Ege Üniversitesi tarafından düzenlenen Cumhuriyetinin 100. Yılı Etkinlikleri kapsamında “9 Eylül İzmir’in Kurtuluşu” konulu konferans gerçekleştirildi. Ege Üniversitesi Edebiyat Fakültesi Prof. Dr. Nuri Bilgin Konferans Salonu’nda yapılan etkinliğe EÜ Rektör Yardımcıları Prof. Dr. Mehmet Ersan, Prof. Dr. Banu Yücel, Prof. Dr. Prof. Dr. İlkin Şengün, EÜ Senato Üyeleri, üniversite üst yönetimi, akademisyenler, öğrenciler ve idari personel katıldı. Konferansı, Dokuz Eylül Üniversitesi Atatürk İlkeleri ve İnkılap Tarihi Enstitüsü Müdürü Prof. Dr. Kemal Arı verdi.
Saygı duruşu ve İstiklal Marşının okunmasının ardından programın açılışında konuşan EÜ Rektör Yardımcısı Prof. Dr. Mehmet Ersan, “Bugün bağımsızlık mücadelemizin en parlak zaferlerinden olan İzmir’in Kurtuluşu’nun 101’inci yıl dönümünü gururla kutlamanın onurunu yaşıyoruz. 9 Eylül 1922, İzmir'in Türk topraklarına yeniden kavuştuğu gün olarak tarihimizde altın harflerle yazılmıştır. Bu zafer, ulusal birlik ve dayanışmanın bir örneği olarak kayda geçmiş, birçok fedakârlıkla ve mücadeleyle taçlandırılmıştır. 9 Eylül, sadece İzmir için değil, tüm Türk Milletimiz için bir dönüm noktasıdır. Anadolu’daki son devletimiz Cumhuriyetimizin kuruluşuna giden taşların döşendiği sürecin başladığı azmin ve inancın zafer günüdür” dedi.

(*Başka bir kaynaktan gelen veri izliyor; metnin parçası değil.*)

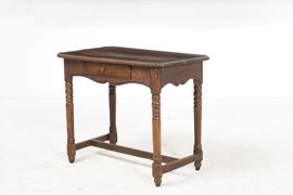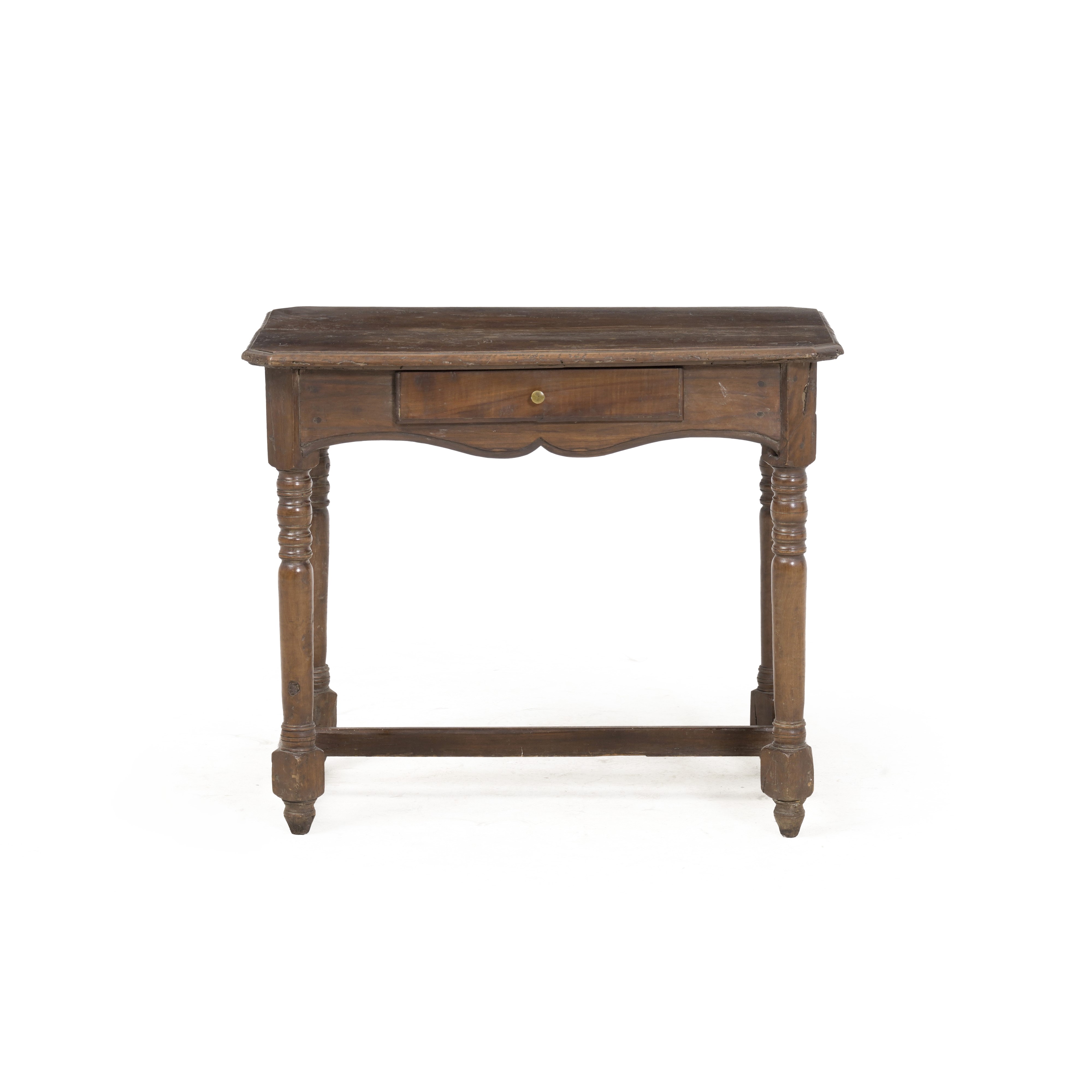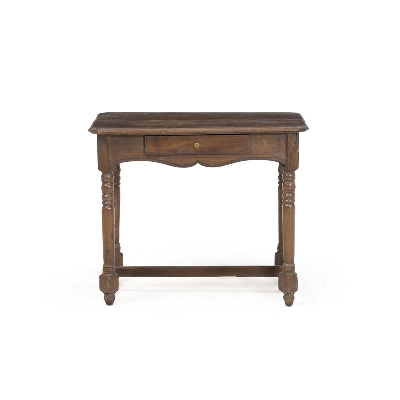 Gambe parzialmente tornite riunite da traversa, un cassetto nella fascia, grambiale sagomato
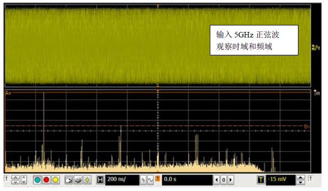 垂直分辨率還和示波器本身的噪聲和失真水平有關。打個比方,一臺高分辨率的電視機,如果它內部電路噪聲很大,導致屏幕出現很多雪花點。即便是高清片源也會被這些雪花點給模糊了。同樣道理,示波器ADC能夠分辨的最小電壓也可能淹沒在示波器的噪聲中。如何評估示波器的噪聲水平呢?有的示波器廠家喜歡用基底噪聲(noise floor):示波器不輸入信號,測量基線的噪聲大小。這種指標只能作為參考。因為沒有人使用示波器時不輸入信號。有無輸入信號,示波器內部電路的工作狀態可能差別很大。下面兩圖是某示波器沒有輸入信號和輸入一個高信噪比的5GHz正弦波的對比圖,并分別對時域波形做FFT,觀察頻域。在沒有信號輸入時,頻域噪底比較平坦,而輸入正弦波后,除了信號基頻和諧波分量以外,出現不少雜散,而且噪底的形狀也不再平坦。因此基線噪聲不是評估示波器噪聲水平的合理指標。

Birlik ruhu ile hareket edilmesi gerektiğini ifade eden Prof. Dr. Mehmet Ersan, “İzmir’in kurtuluşunun üzerinden 101 yıl, Cumhuriyetimizin kuruluşunun üzerinden 100 yıl geçtiği şu dönemde tarihi zaferlerle dolu bir milletin asil evlatları olarak bizler; kurtuluş mücadelemizdeki aynı hissiyatla, aynı azimle, aynı kararlılıkla ve birlik ruhu ile birbirimize kenetlenmeliyiz. Bizlerin en büyük sorumluluğu, yarınlarımızın anahtarını tutan kadim medeniyetimizin mirası üzerine kurulan Cumhuriyet’imizi kazanımlarıyla korumak, yaşatmak, muasır medeniyetler üstüne çıkarmak ve ortak tarih bilinci ile vatani sorumluluklarının bilincinde nesiller yetiştirmektir” diye konuştu.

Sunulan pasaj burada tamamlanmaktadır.